Raise any issue of abuse or mistreatment with reining horse people, and you will be sprayed with comments attempting to justify they are treated like kings being stabled, rugged, fed, washed. They do not think of the horse’s mental welfare and the pain he/she suffers standing in an unnatural environment 24/7. They walk away to their comfortable homes, while the horse stands still.
The horse skeleton and muscle are structured for continual movement through grazing. They are designed to walk many miles each day.
Living in this abnormal stall environment conflicting with their structural make-up and being worked hard, too early, finds many reining horses live on a cocktail of drugs every day of their life to keep them going. The focus has shifted from producing physically and mentally sound horses to being knowledgeable in drugs to keep them seemingly sound enough to ride. The rule book is now saturated with drug testing commentary but little evidence of testing, and only randomly, at some large events. Like any drug testing, the providers are able to keep ahead of the tests much like you see in professional sports people.
Managing young bodies
Trainers rarely x-ray the horses they are entrusted with, and owners rarely demand x-rays until something has gone wrong. The use of blood tests to identify abnormalities or issues even rarer. If the horse looks in good condition and can be ridden, with or without drugs, all’s good to go, and the focus is set hard on the futurity. It has become a custom that horses are injected in the hocks and receive daily medications; never questioning why or changing their program. Many trainers believe they have knowledge beyond science and can just ‘know it’s ok.’ Often drugs are administered based on observational symptoms without validation of underlying causes. Some trainers inject horses without the owners even knowing as they attempt to keep horses in their barns.
The pressure, stress, and suffering of the horses all in pursuit of winning the big money at the futurity. Imagine if the horses were not allowed to be ridden for just one more year, how many more entries would there be? Imagine how those horses would be if they were kept and worked in a program that was more in line with their skeletal requirements. Imagine if the owners all started to demand x-rays and blood tests and were pro-active in their horse management.
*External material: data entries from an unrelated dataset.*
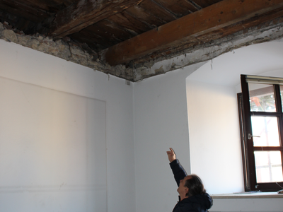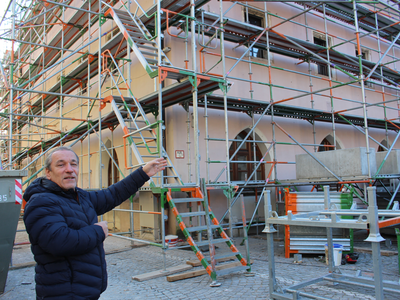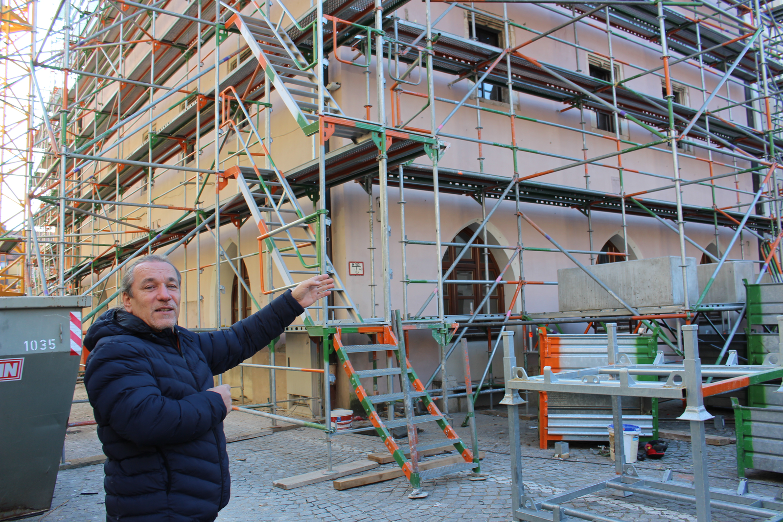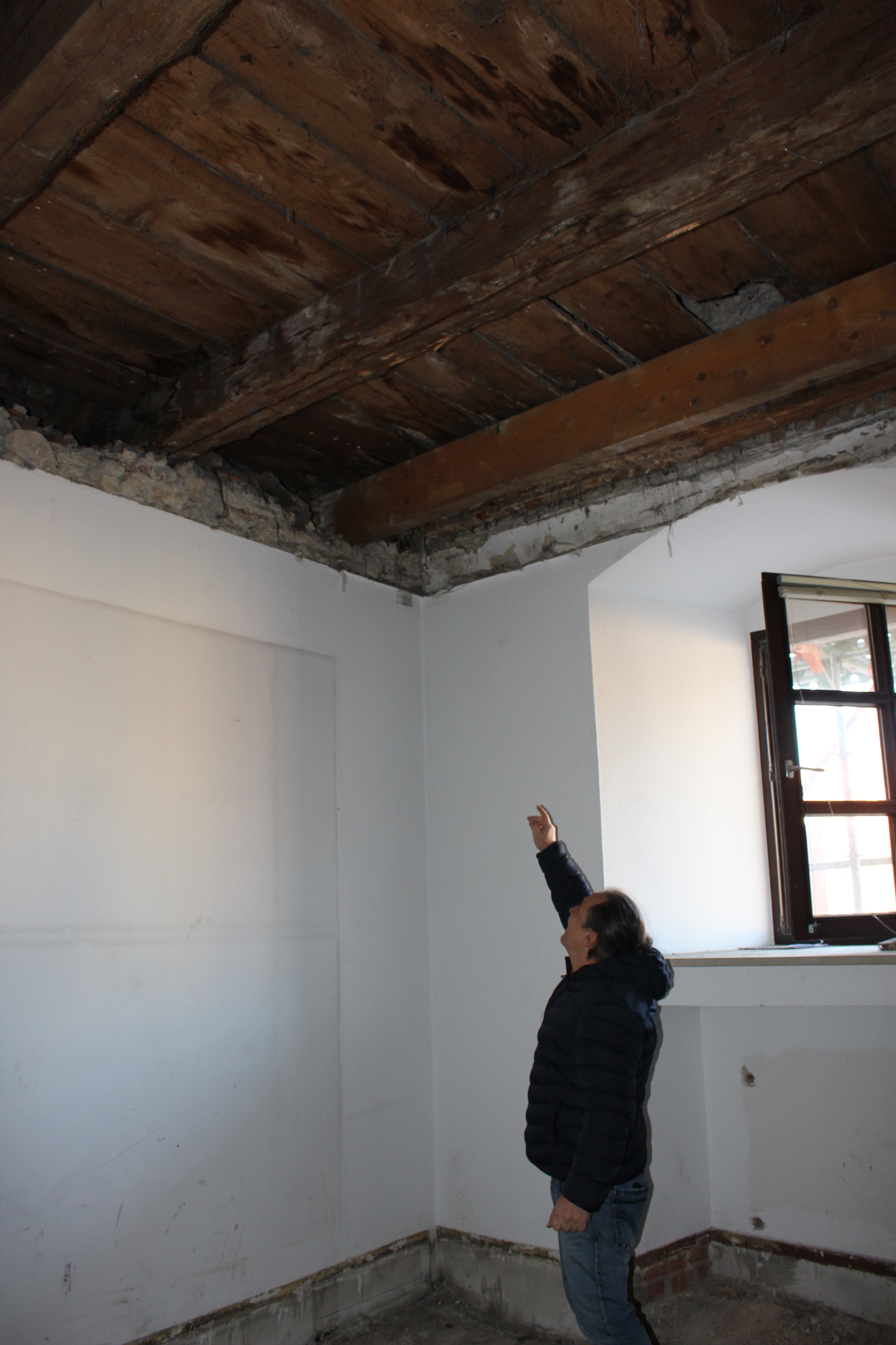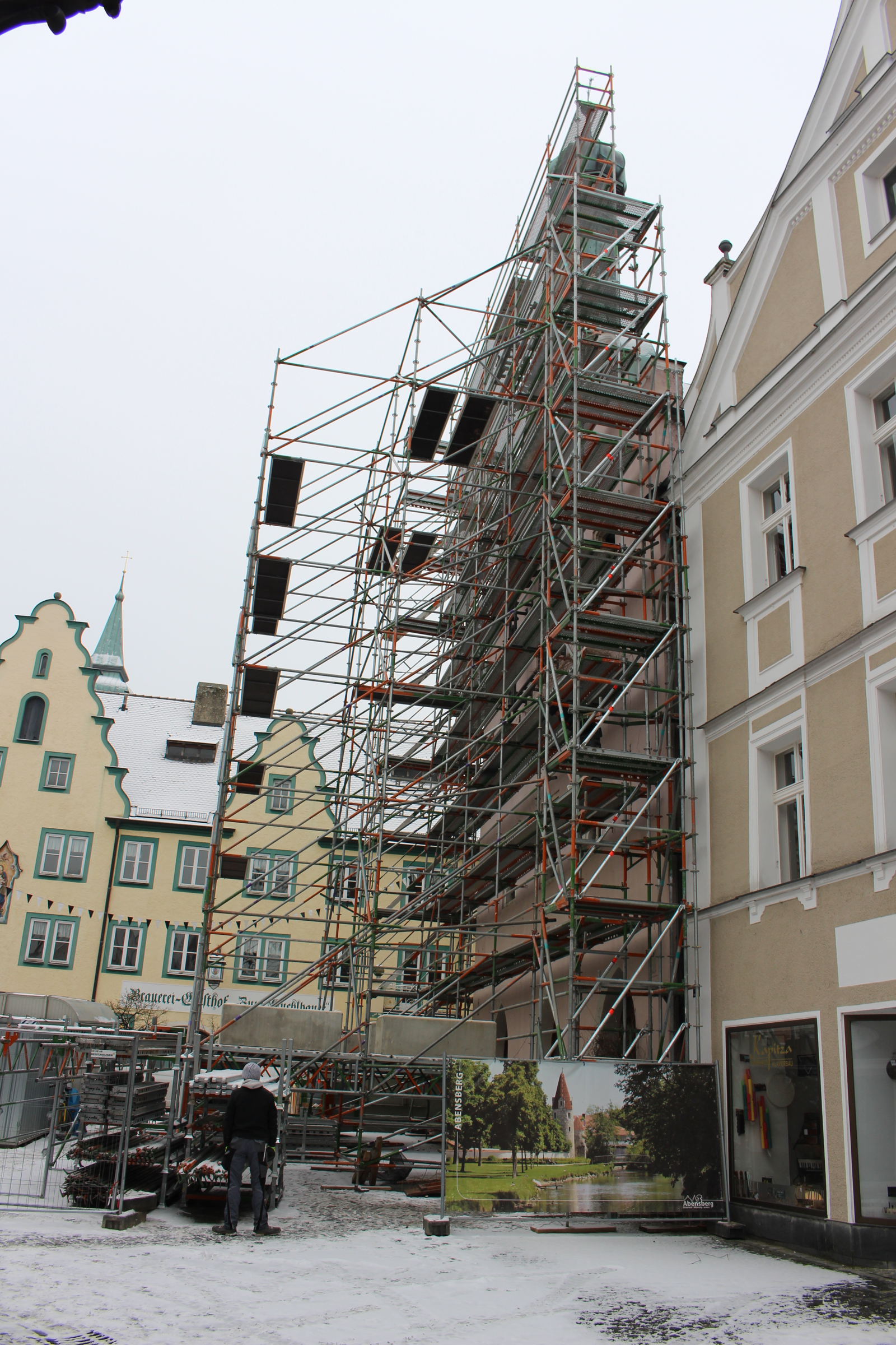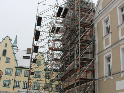 Rölz: „Die Zerrbalken unterhalb des Dachgeschoßes sind umfangreich zerstört.“ Diese halten - vereinfacht gesagt - die Wände des alten Rathauses zusammen. Das heißt: „Sobald wir mit dem Abbau des Dachstuhls beginnen, wird der Nordgiebel instabil.“ Um das zu vermeiden, werden Gerüst-Türme errichtet, die den Nordgiebel sichern. Dann kann mit dem Abbau des Dachstuhls begonnen werden; darauf folgt ein Ersatzdach, das über der gesamten zukünftige Dachfläche errichtet wird. Darunter entsteht der neue Dachstuhl. Wenn der komplett ist, wird das Ersatzdach abgebaut – und dann können auch die vier Gerüst-Türme vom Stadtplatz verschwinden, die zur Absicherung des Giebels nötig sind. Dies wird nach Schätzung von Rölz bis in den Frühling andauern.
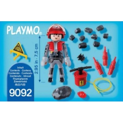 Figura equipada con casco, guantes. Un dispositivo explosivo, 2 cartuchos de dinamita, 9 piedras pequeñas, 1 piedra grande que se abre por la mitad y en su interior un cristal rojo.
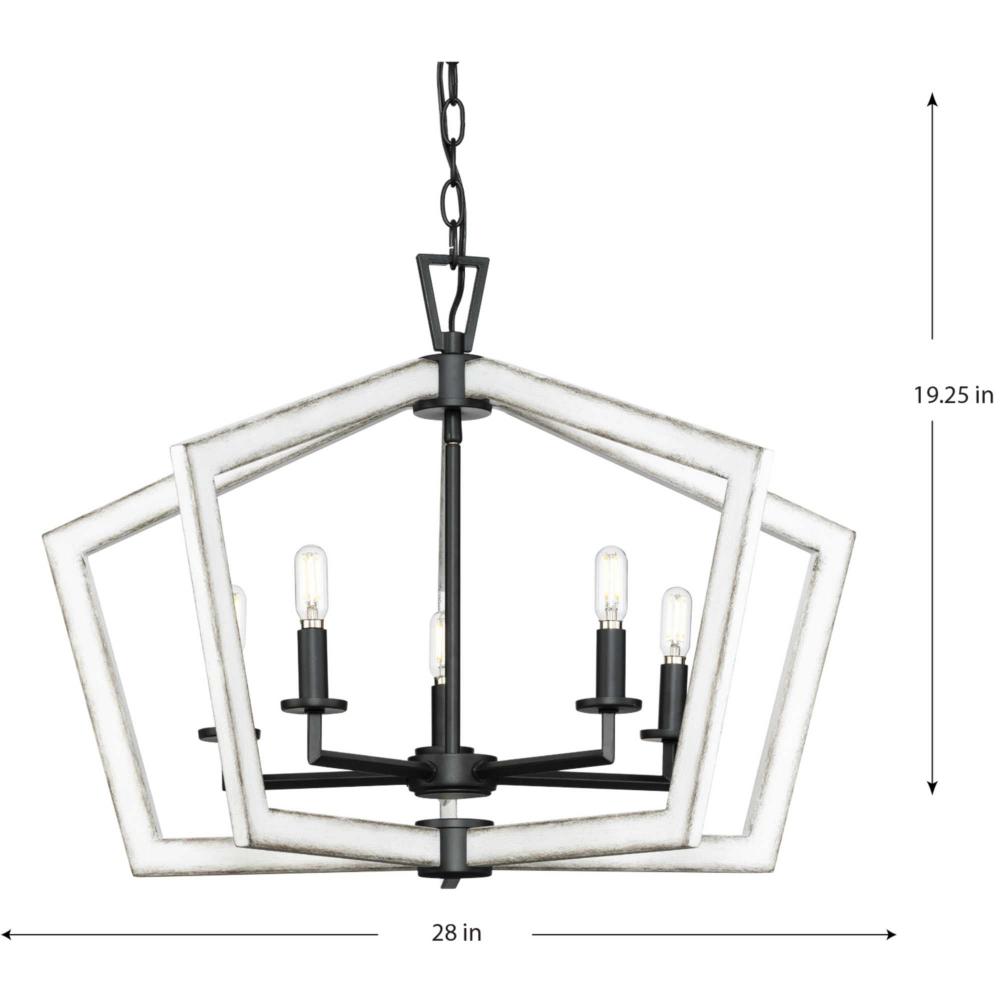 Galloway Collection Five-Light 19.25" Matte Black Modern Farmhouse Chandelier with Distressed Wh
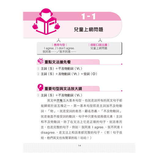 英文中只有五大基本句型。也就是說所有的英文句子都能歸類於這五種之一。第一基本句型即是主詞加不及物動詞,「物」,就是受詞的意思,顧名思義,「不及物動詞」就是後面不接受詞的動詞,句子中只要...
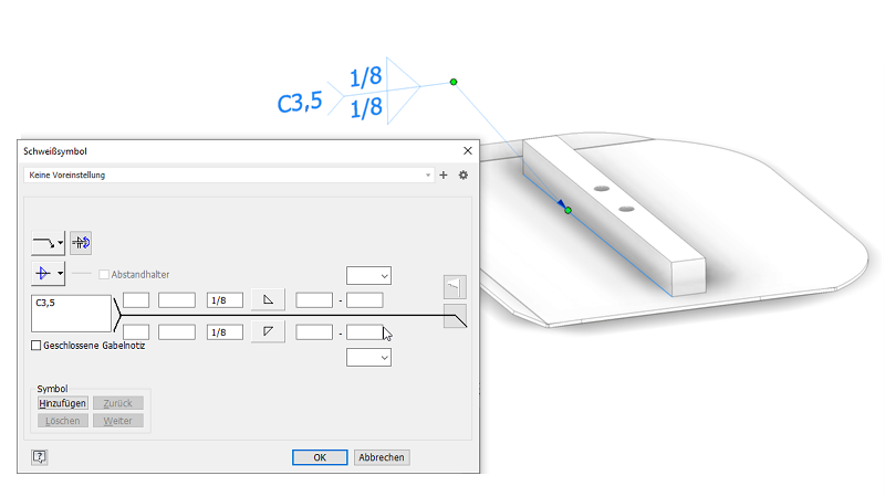 Viele 2D-Schweißsymbole in Zeichnungen wurden gemäß ISO/BSI/DIN/GB-Normen aktualisiert. Für 3D-Schweißsymbole in Baugruppen gelten ISO/DIN-Normen. Zu den Änderungen zählen das Aktualisieren der Feldnamen und das Hinzufügen neuer Felder je nach ausgewähltem Schweißnahttyp. Die Änderungen wurden beispielsweise für I-Nähte, Kehlnähte oder Lochnähte vorgenommen.
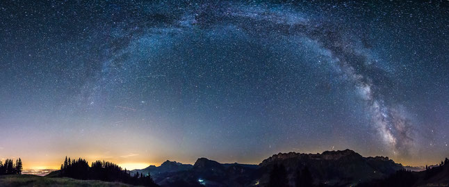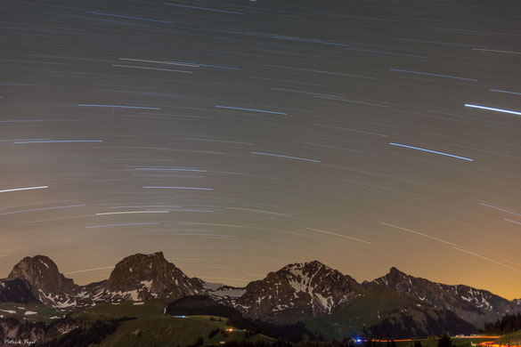 - Hintergrund, Doppelreihiges Panorama à 3 Aufnahmen/Reihe, jeweils 15 x 10s (2,5min) mit ISO 2000, f4,5, 24mm mit dem Objektiv Nikkor Z 24-120
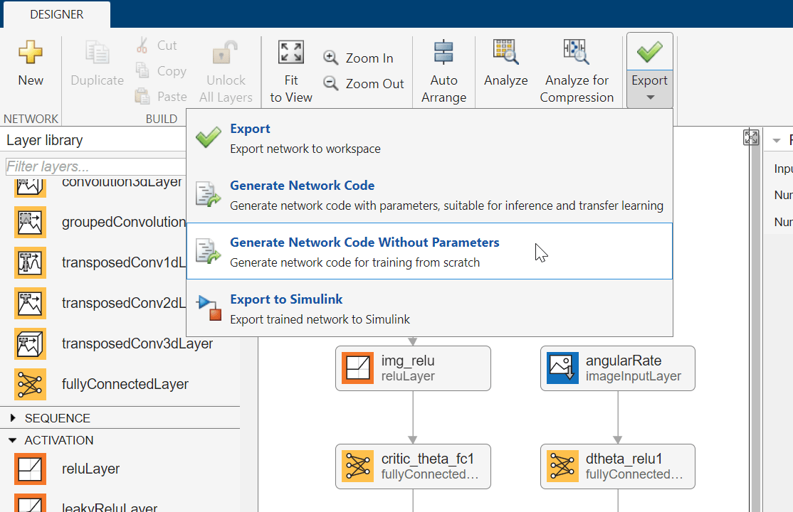 Alternatively, to generate equivalent MATLAB code for the network, click Export > Generate Network Code Without Parameters.
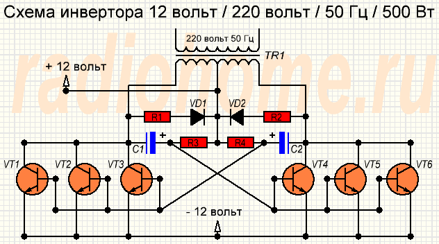 Вначале мы расскажем о принципе работы инвертора, а затем и приведем принципиальную электрическую схему с маркировкой и номиналом примененных в ней радиоэлементов.
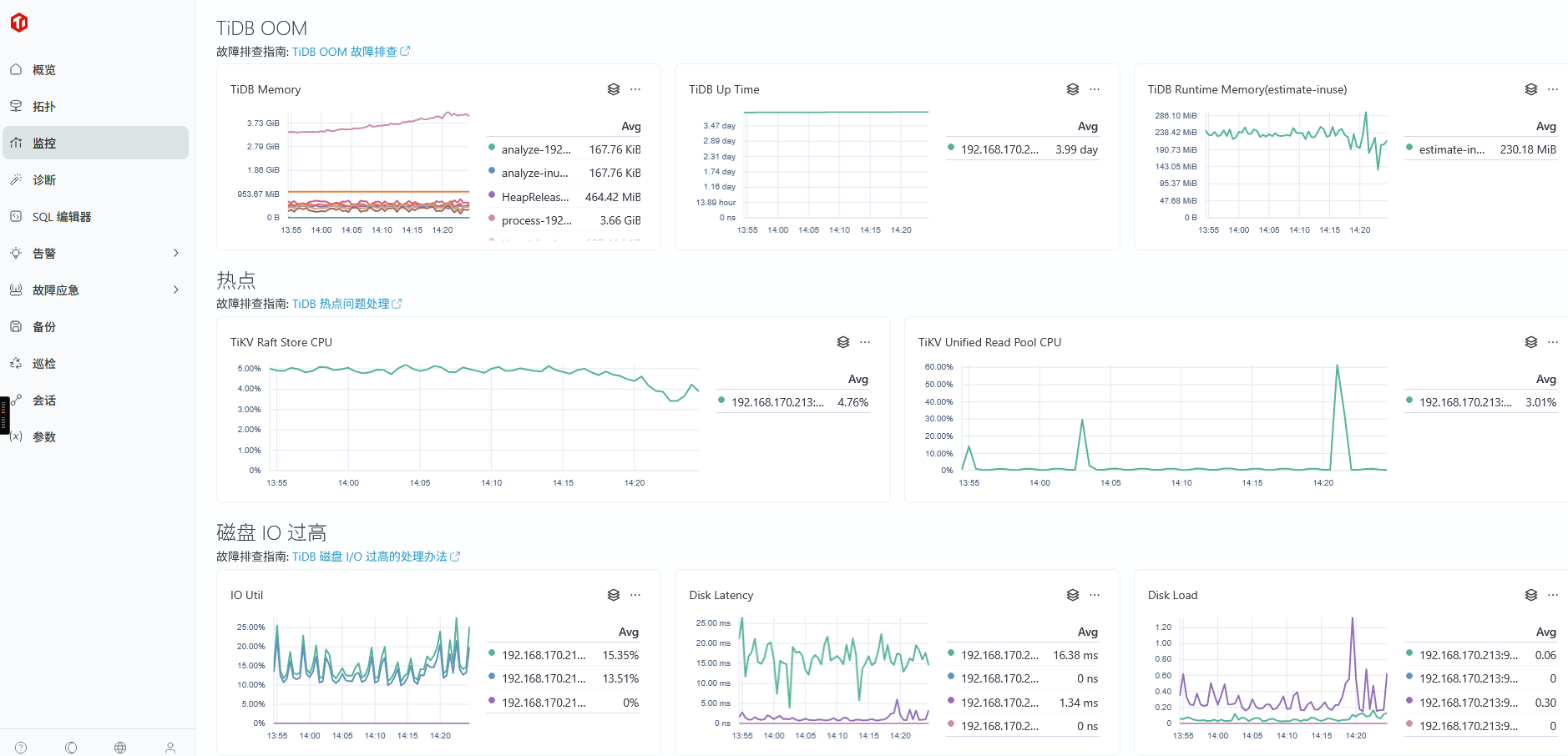 在 TEM 平台上监控功能,快速了解数据库服务器的整体状态,为服务器扩容或者故障排查提供极大的便利。
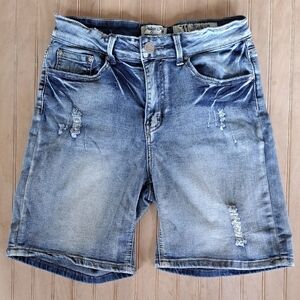 Indigo Rein Distressed Y2K Stretchy Comfy Denim Shorts Medium Wash
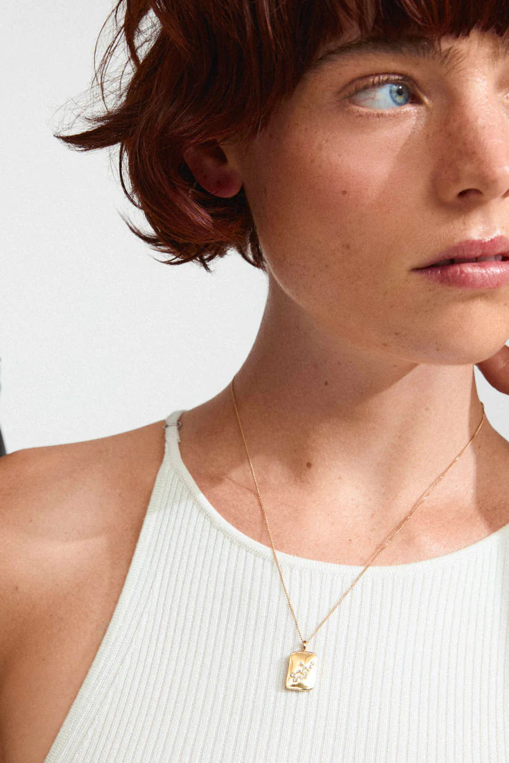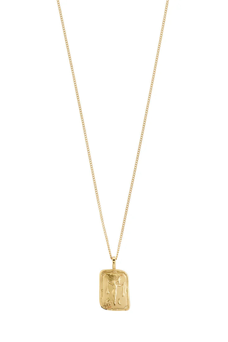 The STARS live within you! With the VIRGO Zodiac Sign necklace from Pilgrim, you get a piece that is as unique as you are. A gold-plated or silver-plated chain with a square coin pendant in a dual design. Flip it for either a classic Virgo zodiac motif or for your sparkling constellation with glittering Preciosa crystal stones - talk about cosmic coolness! The pendant has a rustic, handcrafted look that exudes an edgy, genderless look. A piece that is not only a personal statement, but also an ideal gift that carries a deeper meaning and connection to the stars. The necklace measures 40 cm + 12 cm extension chain and is made from 98% recycled material.

Some may say only the best make it, but with the refined breeding programs and the number that breakdown early, you would have to question the program more than the breeding, wouldn’t you?
Winning no matter what?
Robert M Miller, DVM cites the story “One of my clients was a prosperous, educated couple. They were very congenial, and they owned three Quarter Horses. One day, they called me to come to their home to worm their horses and check them over and booster their vaccinations. When I arrived, I found only two horses, so I asked where the third one was. “Oh, he is in training as a reining horse, with ____________” (a successful and notoriously brutal trainer who also happened to be one of my clients). Then the wife said, “We know how cruel he is to the horses, but he wins!”
Do you believe the NRHA is standing behind their statement “We expect our members to consider the welfare of their horses paramount and to always treat them with dignity, respect and passion”?